Mais, oui, tu sais ! Ce truc, au milieu du ventre, ce machin sur le bord de ta peau, ce bidule qui fait qu'on a envie de crier et de courir et de sauter ! Ce machin qu'on vit et qu'on veut vivre, qu'on délecte et qu'on veut délecter à tout jamais ! Cette sensation de voler, de planer par delà le temps et l'espace, d'être hors de tout, de nager dans un océan banane-chocolat, de virvevolter par dessus les nuages, le ciel, la terre, par dessus l'univers entier, d'être autre part, mais d'être quand même là. Ce truc qui fait qu'on sait. Ce truc qui fait qu'on vit, enfin. Ce truc, le bonheur, vous voyez ?

Le soleil absolu, la toute grande odeur de la pluie, le bonheur d'une vie complète...
Oui. Oui, oui, vous voyez ?
Parce que moi je vois très bien.

(Gendarme.)

mardi 3 avril 2012

Et beaucoup de chocolat, oui, important le chocolat.

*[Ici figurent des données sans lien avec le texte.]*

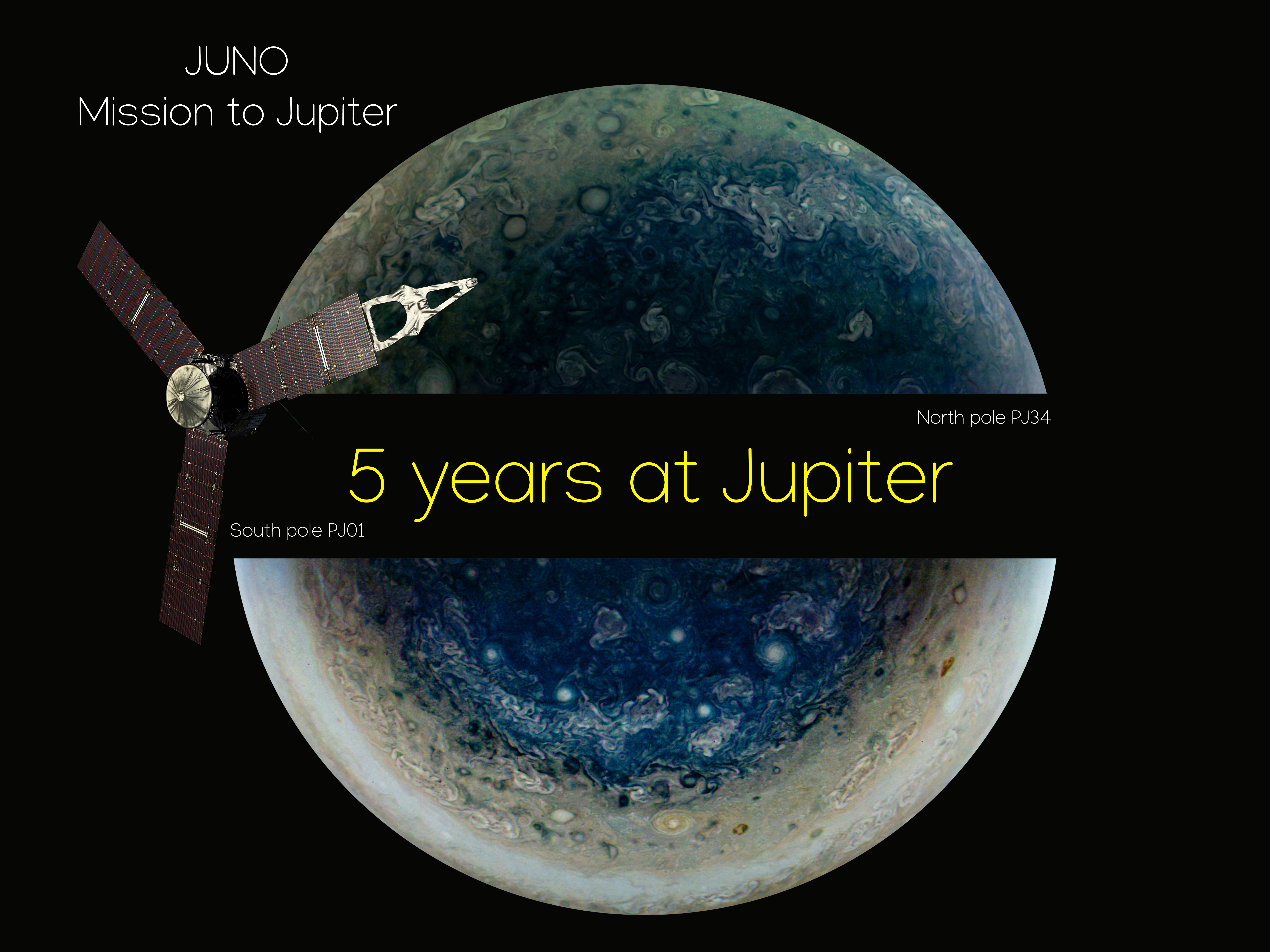 Celebrating 5 Years at Jupiter - South pole on PJ01 to North pole on PJ34.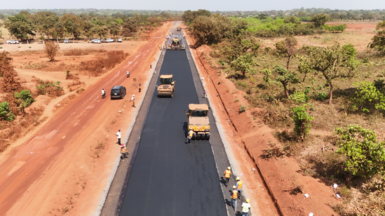 公司承建的贝宁棉花之路项目起点位于峡谷省朱古市,终点位于阿塔科拉省佩洪科市,全长72.478公里,包含城区道路、旷野区道路、现有桥梁拆除重建、新建收费站、十字路口施工、各类排水工程的施工、路面附属工程以及三网迁移等。沥青混凝土路面采用9厘米厚GB0-14沥青混凝土+5厘米厚BB0-10沥青碎石铺筑,其核心材料能够有效应对日益增长的交通压力和所在国别复杂的气候条件。目前,项目部已完成GB沥青混凝土面层的95%,即将进入最后一道面层BB沥青碎石的铺筑工作。业主、监理、设计等单位现场对试验段进行了验收,各单位均对试验段建设质量给出了高度评价。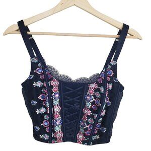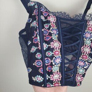 Victoria's Secret Dream Angels Corset Bra M DD Navy Blue Floral Victorian Sexy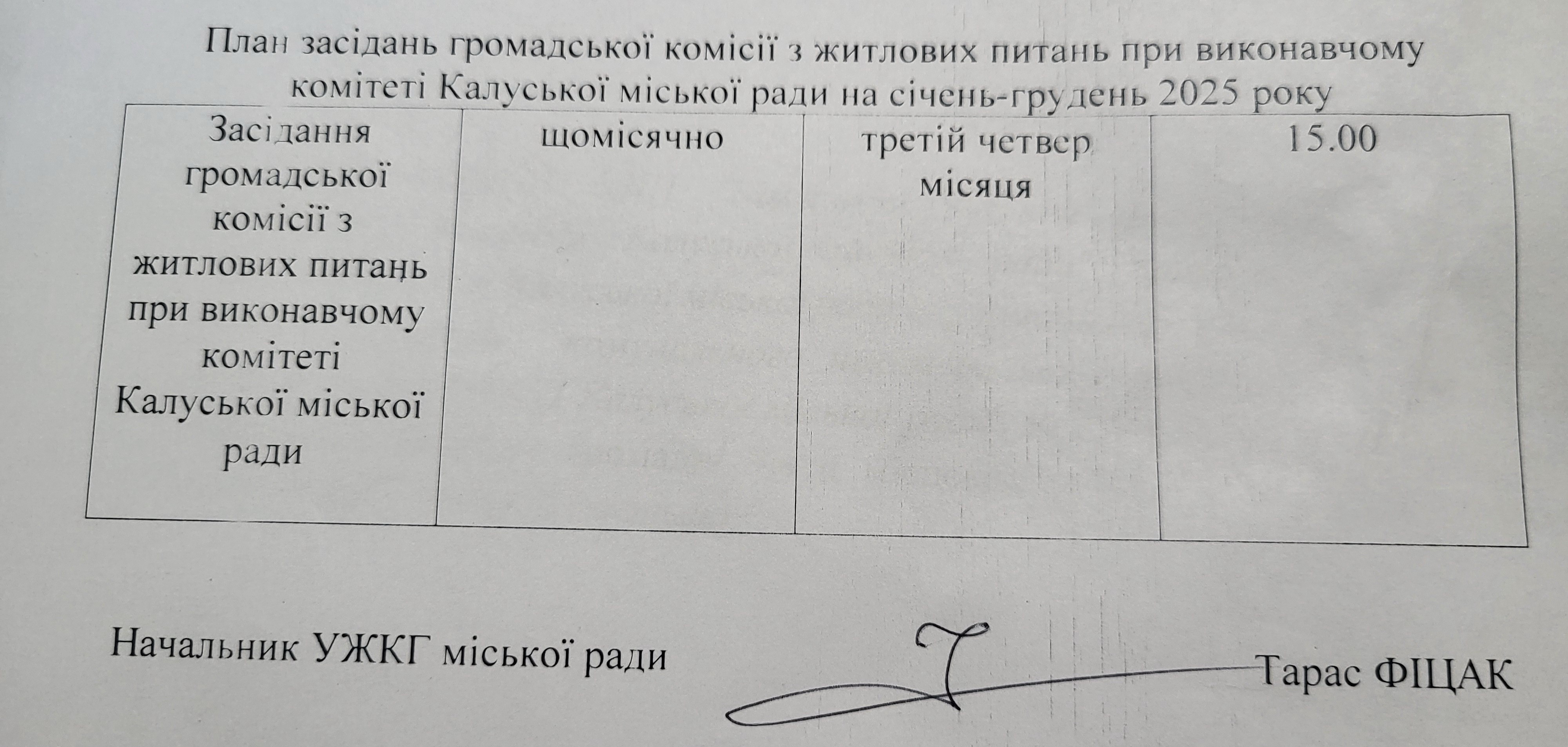• План засідань громадської комісії з житлових питань при виконавчому комітеті Калуської міської ради на січень-грудень 2025 року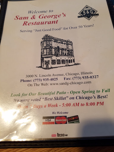 Sam and George has been around in Chicago for a really long time, and theres a good reason why. The food here is reasonably priced, served in generous portions and tastes really good. As a far as american diners go, this is one of my favorites. I had the breaded veal cutlet, a house specialty according to the menu. It came with a salad, soup and made for a very satisfying meal. The veal cutlet itself was a little dry on the inside, but not terrible. The fries were really well done, freshly cut and fried. The food did take a while to come, even though our server was really quick in seating us and taking our order. So if youre in a rush or about to collapse from hunger, do let them know and the friendly staff there will do their best to ensure that food appears on your table quick. Also, the prefer cash so have some handy as well.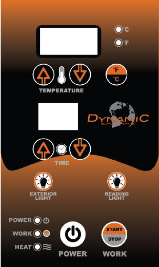 Work Start/Stop: Press to control the working functions of the sauna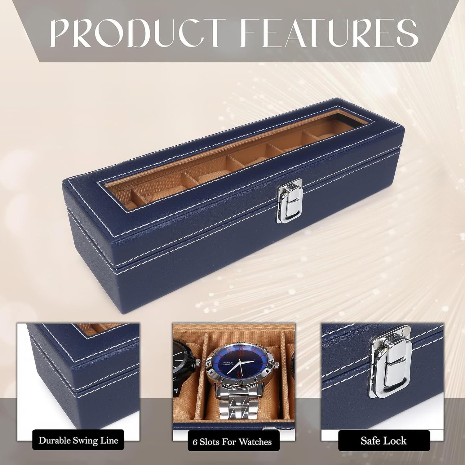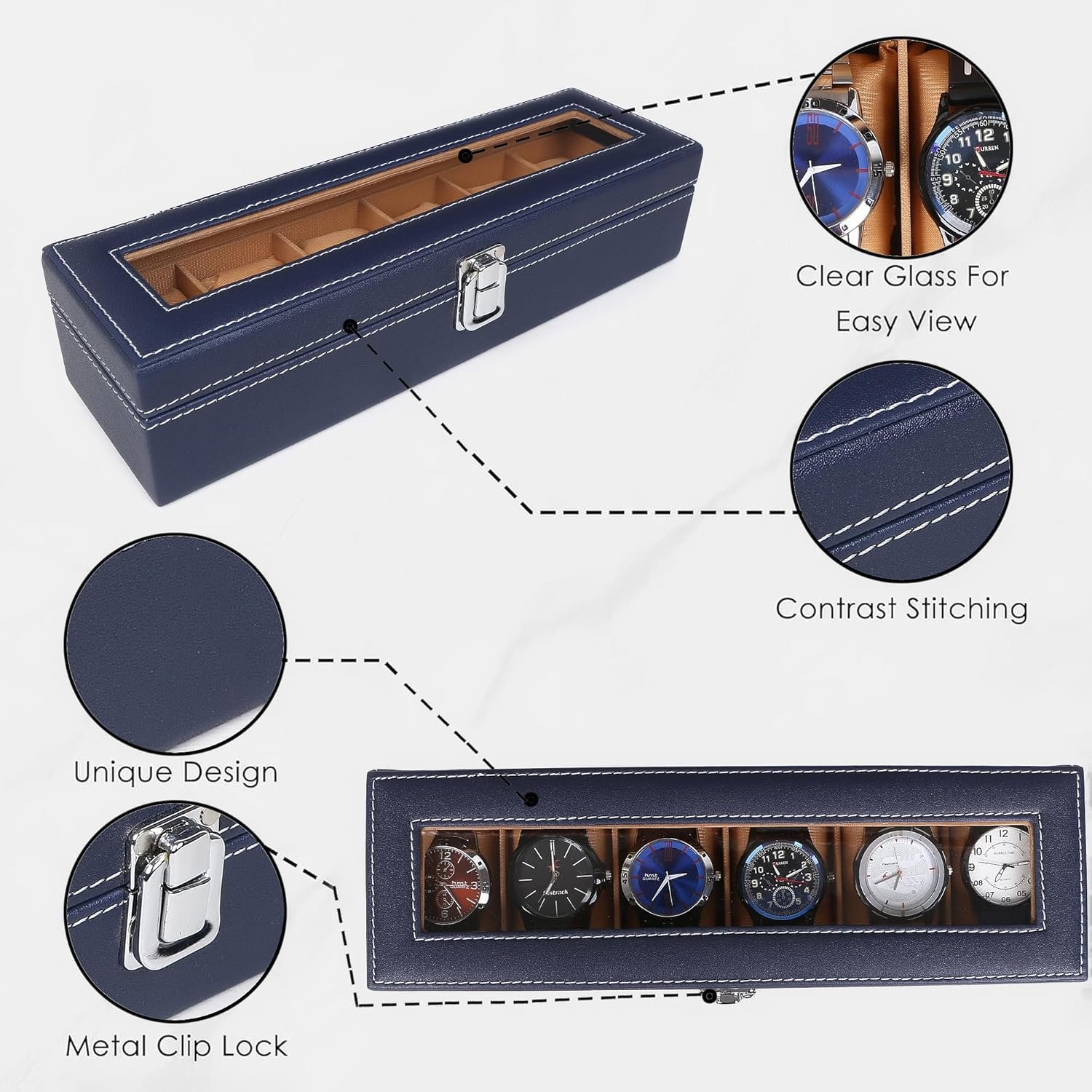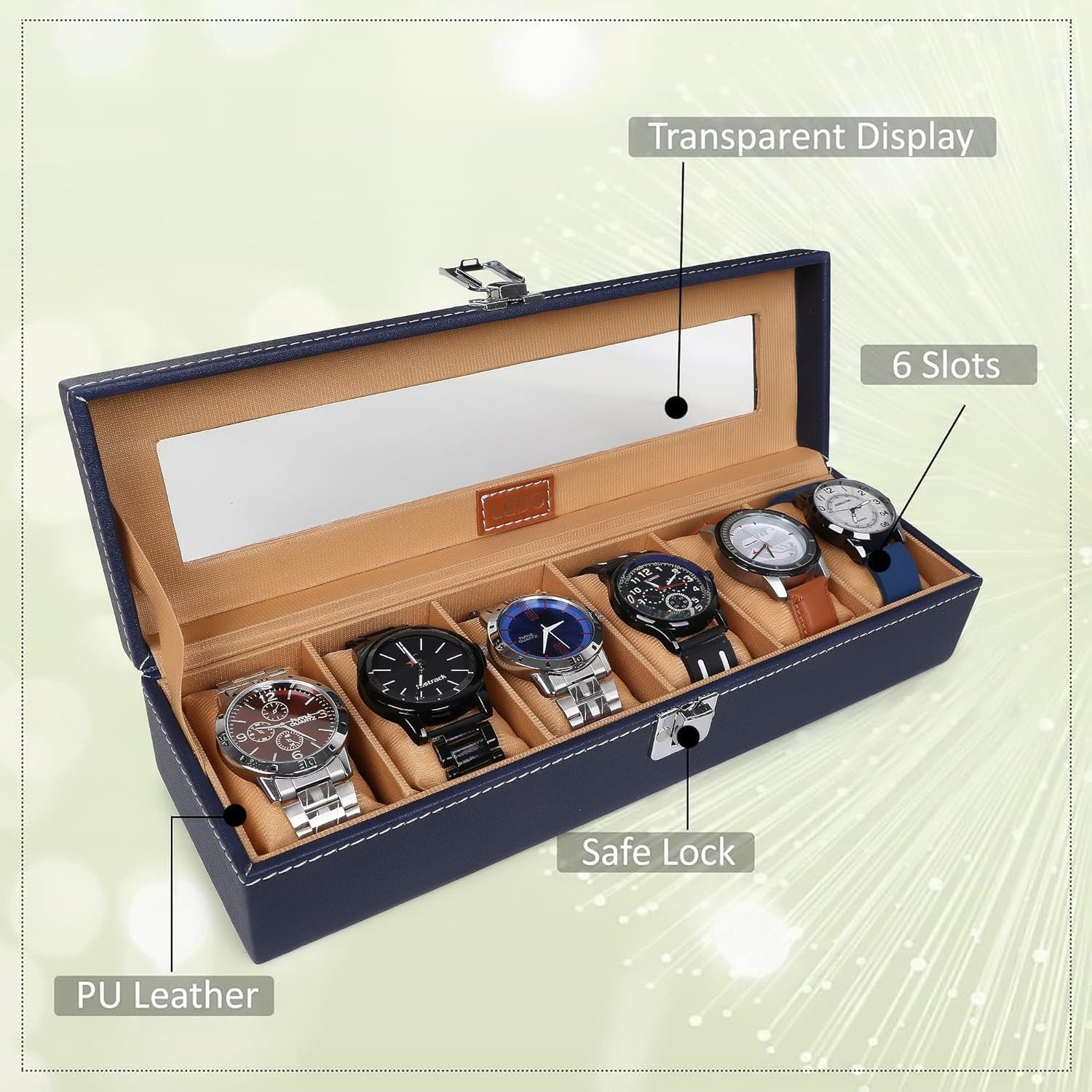 LEDO Watch Box Organizer Case with 6 Slots, Transparent Display, PU Leather Exterior, Blue & Cream Velvet Interior, Metal Clasp Lock, Rectangular Storage Case for Men
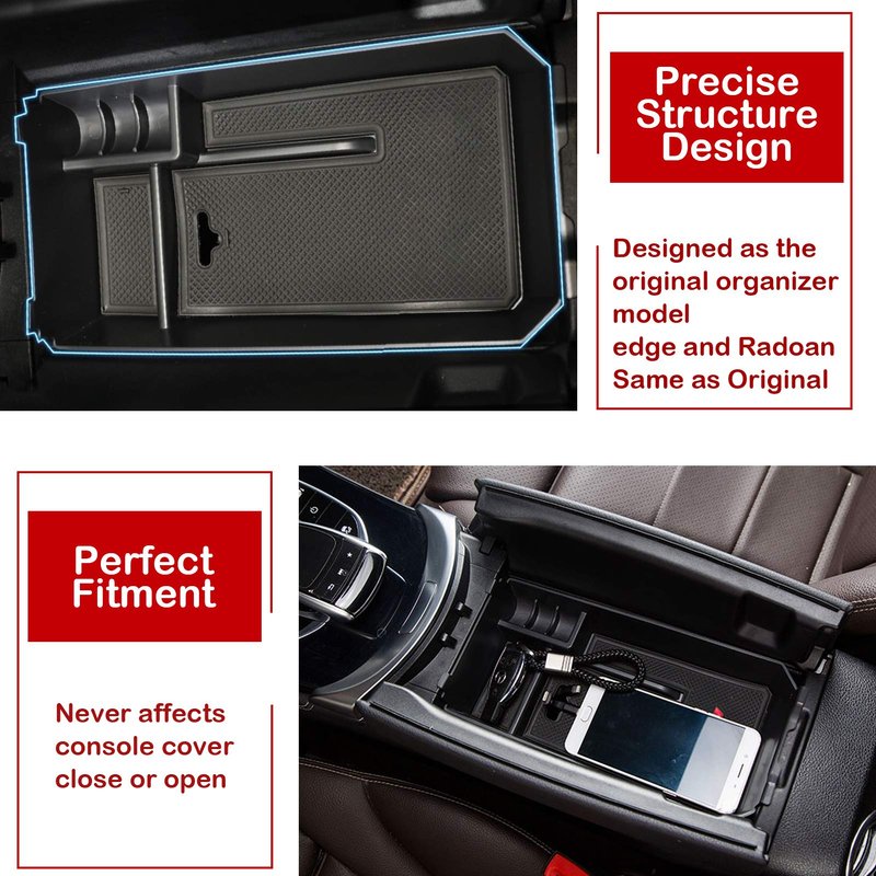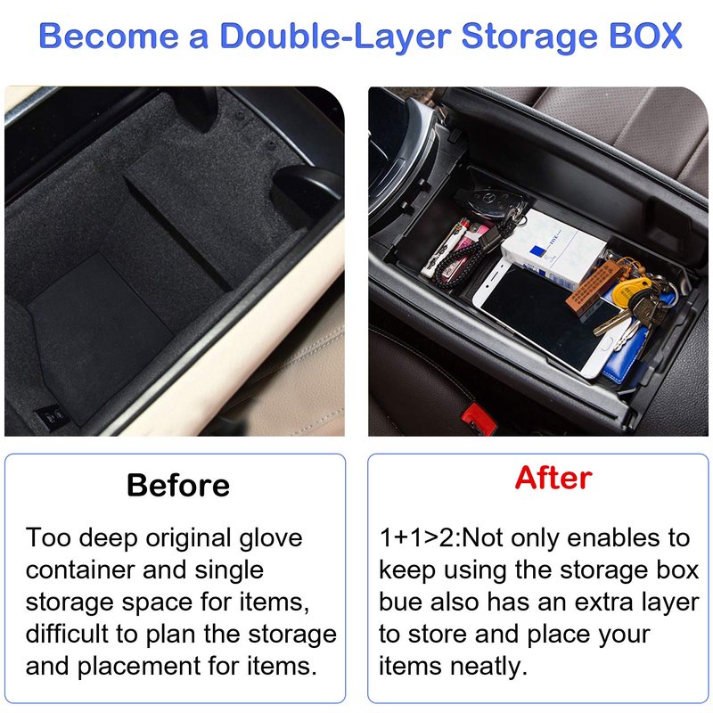 - Useful Car Tray Organizer: This organizer leads to an extra space for the center glove box, so that we could neatly store and place more items, like phones, wallet, sunglasses, change, business cars, and so on.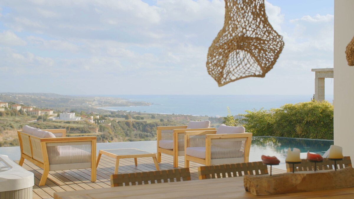 This is a luxury 3 bedrooms villa that sleeps 6 people, with a beautiful view, situated just a minutes away from the nearest beaches and the city center by car. The villa has an outdoor luxury hot tap Jacuzzi and a BBQ facilities. and a shared swimming pool. This is a nice choice for families, couples, and a group of friends who wish to have a convenient, relaxing, and peaceful stay. Located in a private/quiet area of Chloraka . Special Reduced price for 2 guests! Claim it before booking.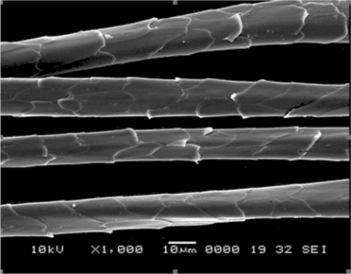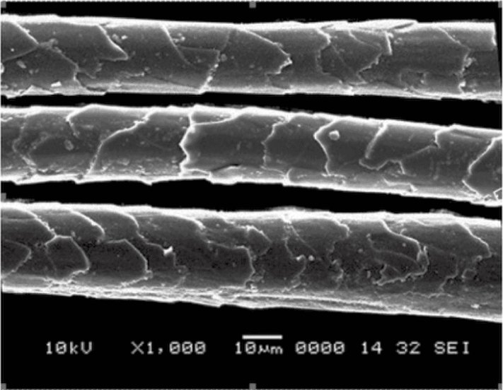 B.53. Волокна обладают большей равномерностью диаметра в их продольном направлении, чем волокна шерсти из Австралии такого же диаметра. Самая тонкая шерсть (с диаметром волокон менее 13 мкм) имеет низкую частоту чешуек неправильной формы. Для более грубой шерсти характерны мозаичное или сетевидное расположение чешуек с грубой поверхностью и плохим блеском, большой угол отклонения чешуек от ствола, частичное отделение чешуек от ствола волокна.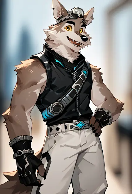 Pony: score_9, score_8_up, score_7_up, high res, best quality, wendell, fortnite, furry, wolf, 1boy, solo, muscular, tail, fingerless gloves, ...your tags...

Et lorsque, de mes petites mains moites et usées par le temps, j'aurais terminé d'escalader le 7eme mont du temps et de l'espace, traversé l’entièreté du temple de l'élément ultime, accomplit de nombreuses énigmes, récoltés de nombreuses clés, éliminé de nombreux ennemis, lorsque j'aurais terrassé l'ultime créature gardant l'ultime secret, lorsque devant moi se sera trouvé le coffre contenant ce qui construira ma vie toutes les années qui suivront, que j'aurais fait les derniers pas, bercé par la lumières de vitraux représentant les plus grands héros et héroïnes des temps passés, et tiré le lourd crochet du coffre de fer, afin de voir qu'au fond il ne contenait que la plus belle chose de tous les temps, lorsque je l'aurais prise de mes mains et que je l'aurai serré tout contre moi, lorsque le monde sera remué par toute la puissance palourdique que causerait cette union, lorsque l'univers entier pleurera et s'écroulera sur lui même de contenir pareil miracle, lorsque moi même je ne saurai plus retenir quelques larmes d'émotions pures, alors, alors.
Alors je serai ce que je suis maintenant.
Heureux.

("La meilleur pizza du monde", Marry Curry, 1974)

mardi 20 mars 2012

Il y a quelques mois, j'avais une carpe.

Salut, les copains ! Oui, je vois vos regards accusateurs, oui oui, je ne mets pas assez régulièrement mon blog à jour, je le sais très bien, je culpabilise jour et nuit, sachez-le, j'en suis sincèrement désolé. Je sais que vos vies sont fades et tristes sans ma musique, que vous avez un mal de chien à trouver le bonheur sans sentir la saveur des notes de musique que je dispose pour vous. Sachez que j'ai de très nombreuses occupations, entre autre finir de dompter ce requin qui occupe la cave depuis 3 mois déjà, et ensuite finir de construire cette machine à voyager dans le temps, afin d'aller chercher dans le futur une machine à cloner, fin, tout ça est une histoire compliquée, je suis persuadé qu'elle ne vous intéresse guère.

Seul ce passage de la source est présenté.